# Windows 10 DirectX neu Installieren



## ozhan (7. Januar 2018)

Hi,

Ich habe meinen Rechner vor einigen wochen komplett neu aufgesetzt wegen Bluescreen problemen, nun funktionierte wieder alles super, bis heute!

Ich hab ein altes Spiel instelliert, das ich noch zu ende Zocken wollte. 
Nun hat er bei der Installation gefragt ob er Directx installieren soll, es würde die Aktuelle Directx prüfen und wenn notwendig neue komponenten instllieren. Da ich die neueste Version habe, hätte das Programm nichts installieren sollen.

Nun habe ich aber ok und weiter gedrückt und irgendwas ist passiert. Den als ich nach dem beenden der Installation das Spiel startete kam wieder das alte Problem mit dem Bluescreen. Ich wollte Systemwiederherstellung nutzten, doch leider ist kein Punkt erstellt worden auf das ich zurück setzten kann.

Was kann ich den nun machen?


----------



## wuselsurfer (7. Januar 2018)

Also bei der Masse von Informationen traut man sich gar nicht zu helfen.

Wie heißen denn die Teile des PCs und um welches Spiel handelt es sich?


----------



## ozhan (7. Januar 2018)

Welche Teile? Also ich habe Windows 10 Pro 64Bit installiert, Hab die MSI GeForce GTX 980 Ti 6GB, 64GB Ram von G.Skill und das Goodlike Gaming Board von MSI.
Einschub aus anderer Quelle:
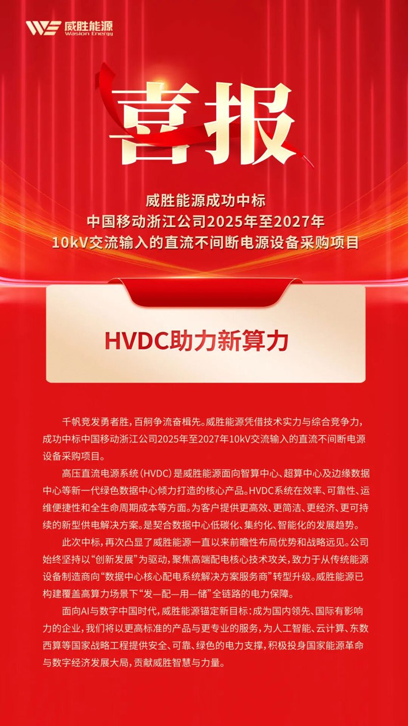 千帆競發(fā)勇者勝,百舸爭流奮楫先。威勝能源憑借技術(shù)實力與綜合競爭力,成功中標中國移動浙江公司2025年至2027年10kV交流輸入的直流不間斷電源設備采購項目。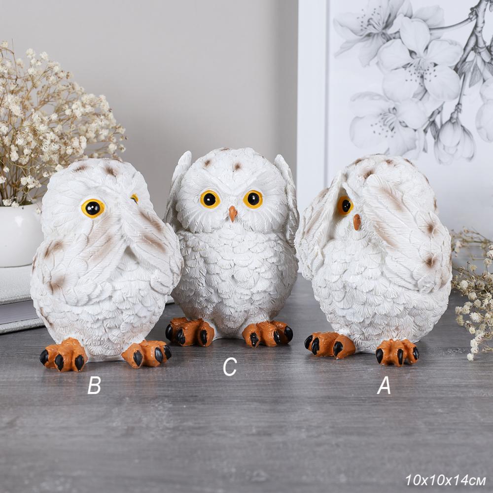 Фигурка Сова не вижу не слышу не говорю 14 см / KY-11-2 /уп 60/белая

Das spiel war Nier Automata.


----------



## wuselsurfer (7. Januar 2018)

Den DirectX Web-Installer gibt es hier: 
Download DirectX-Endbenutzer-Runtimes  Web Installer from Official Microsoft Download Center.


----------



## ozhan (7. Januar 2018)

Der Link führt zu einer Uralten Version von 2011, Directx 9. ich bräuchte doch 12


----------



## Gimmick (7. Januar 2018)

ozhan schrieb:


> Der Link führt zu einer Uralten Version von 2011, Directx 9. ich bräuchte doch 12



Das gibt es nicht. 

Windows 10 DirectX 12 - Microsoft Community

Kannst hier mal schauen, insb. Method 3 könnte passen. Ist in dem weiterführenden Link auch für Win10 beschrieben.


----------



## wuselsurfer (7. Januar 2018)

ozhan schrieb:


> Der Link führt zu einer Uralten Version von 2011, Directx 9.


Nö.
Bei mir führ es zum Download von Directx 12.

Ansonsten könnte man sfc /scannow im Editorfenster als Administartor ausführen oder das Windows Update anwerfen.


----------



## ozhan (7. Januar 2018)

wuselsurfer schrieb:


> Nö.
> Bei mir führ es zum Download von Directx 12.


Also bei mir leider nicht 


			Dieser Inhalt steht nur eingeloggten Mitgliedern zur Verfügung.
        



Gesendet von meinem SM-N950F mit Tapatalk


----------



## wuselsurfer (7. Januar 2018)

ozhan schrieb:


> Also bei mir leider nicht https://uploads.tapatalk-cdn.com/20180107/718b659e8d4ecf51a5110ca8c83b6168.jpg
> 
> Gesendet von meinem SM-N950F mit Tapatalk


Versuchst Du das mit Deinem Handy?


----------



## ozhan (7. Januar 2018)

wuselsurfer schrieb:


> Versuchst Du das mit Deinem Handy?


Nein. Natürlich am PC. Am Handy nur wegen dem Screenshot aber ist die selbe Version 

Gesendet von meinem SM-N950F mit Tapatalk


----------



## wuselsurfer (7. Januar 2018)

ozhan schrieb:


> Nein. Natürlich am PC. Am Handy nur wegen dem Screenshot aber ist die selbe Version


Verstehe ich nicht.
Läuft der PC denn fehlerfrei soweit?

Ansonsten würde ich Windows neu installieren.


----------



## ozhan (7. Januar 2018)

wuselsurfer schrieb:


> Verstehe ich nicht.
> Läuft der PC denn fehlerfrei soweit?
> 
> Ansonsten würde ich Windows neu installieren.


Sonst läuft er sauber. Sind aber echt ne Menge Arbeit wenn ich neu installieren. Kannst du die Version 12 runter laden und mir senden?

Gesendet von meinem SM-N950F mit Tapatalk


----------



## wuselsurfer (7. Januar 2018)

ozhan schrieb:


> Sonst läuft er sauber. Sind aber echt ne Menge Arbeit wenn ich neu installieren. Kannst du die Version 12 runter laden und mir senden?


Nein. 
Directx 12 gibt es nicht als Einzeldownload.

Laß halt die Updates laufen.


----------